** Opening Data for this task block **

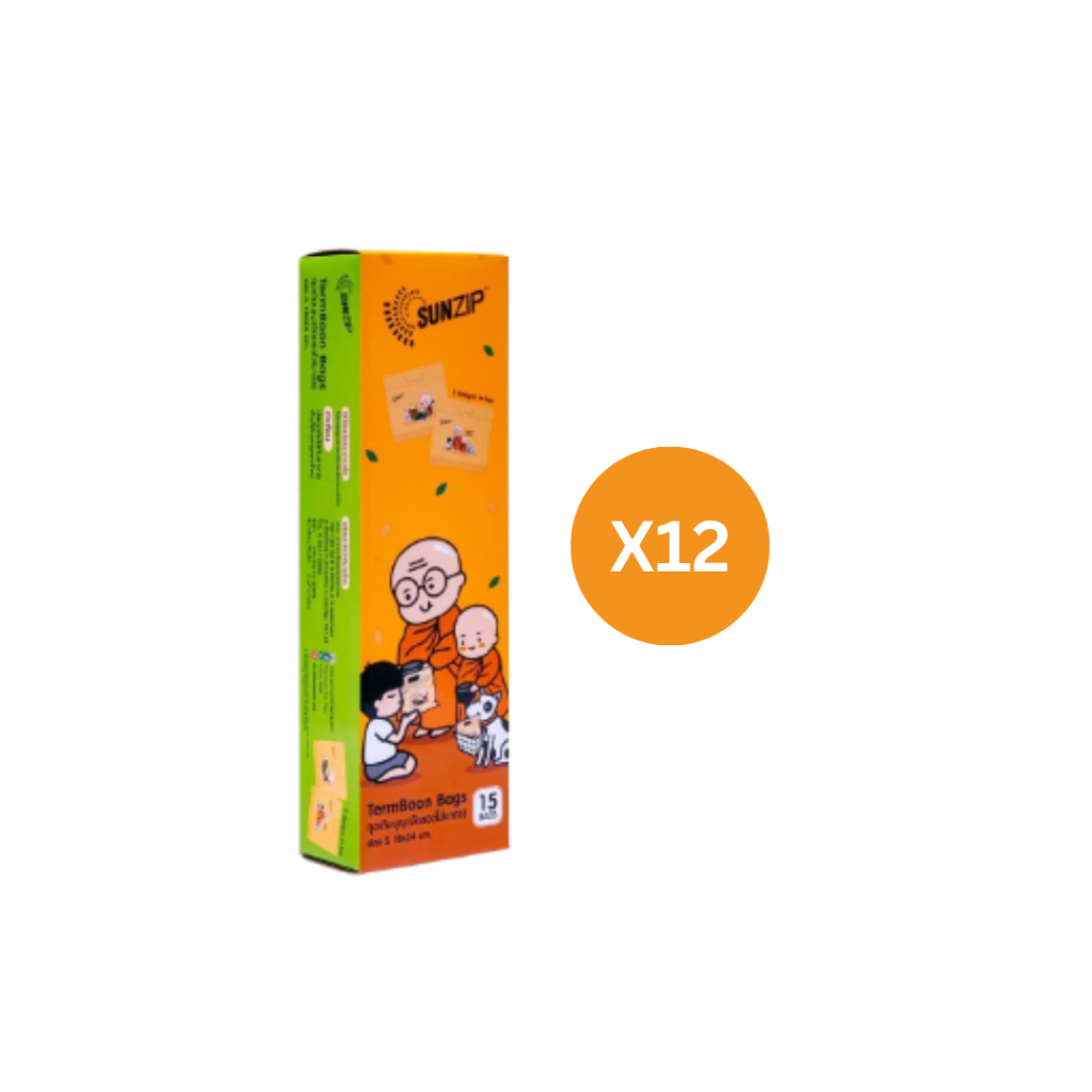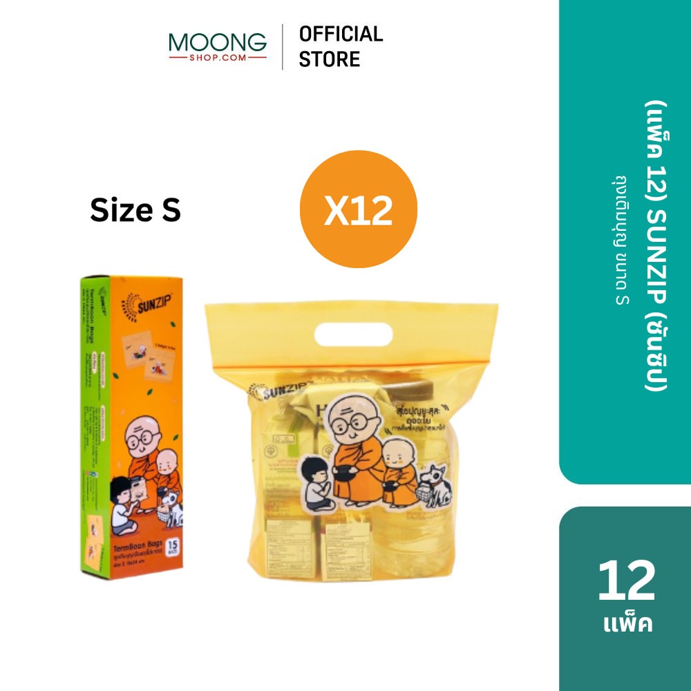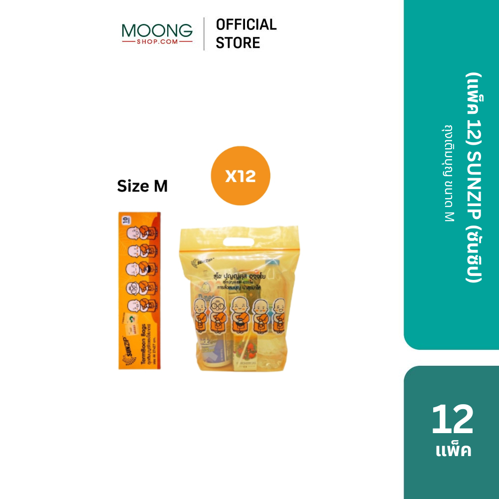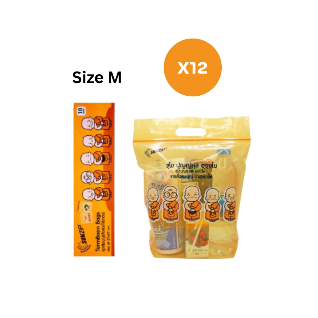 (แพ็ค12) SUNZIP (ซันซิป) ถุงเติมบุญ ขนาด S และ M
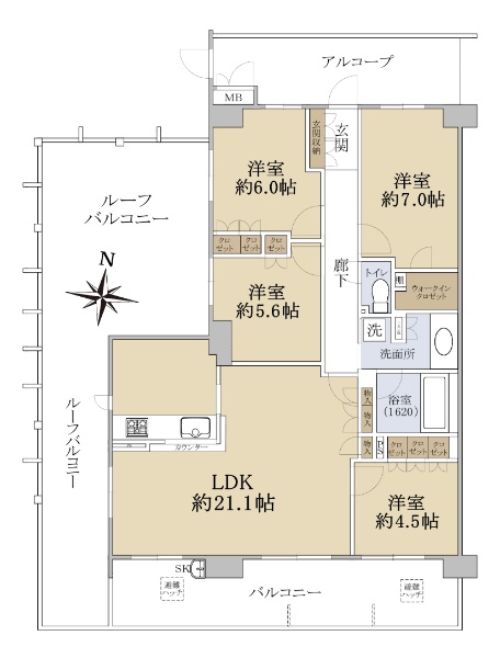 2016年2月築、南向き角部屋、ルーフバルコニー付き4LDKのお部屋 LDK:約21.1帖
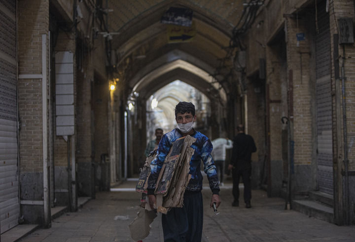 4月10日,在伊朗首都德黑兰大巴扎,行人走过关闭的商店。(新华社发,艾哈迈德·哈拉比萨斯摄)
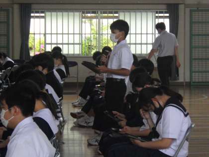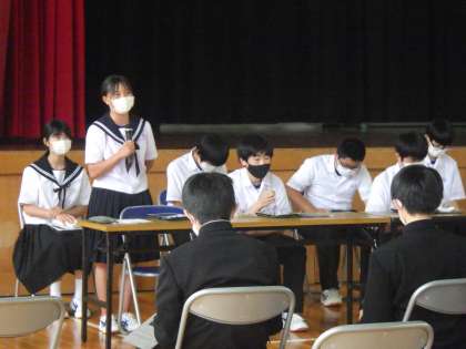 4時間目に行われた「生徒会意見交換会」の様子です。
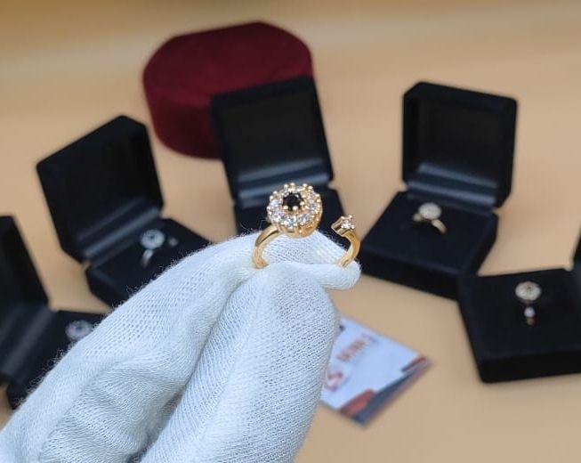 Astonishing Gold Plated With Spinning Black Crystal Stone Ring For Girls/Women

** Closing Data for this task block **

● **Task statement**: Drop the pictures, then write out only the lines running from the one containing "2016年2月築、南向き角部" through the last line above, both included, exactly.

● **Your response**:
 2016年2月築、南向き角部屋、ルーフバルコニー付き4LDKのお部屋 LDK:約21.1帖
 4月10日,在伊朗首都德黑兰大巴扎,行人走过关闭的商店。(新华社发,艾哈迈德·哈拉比萨斯摄)
 4時間目に行われた「生徒会意見交換会」の様子です。
 Astonishing Gold Plated With Spinning Black Crystal Stone Ring For Girls/Women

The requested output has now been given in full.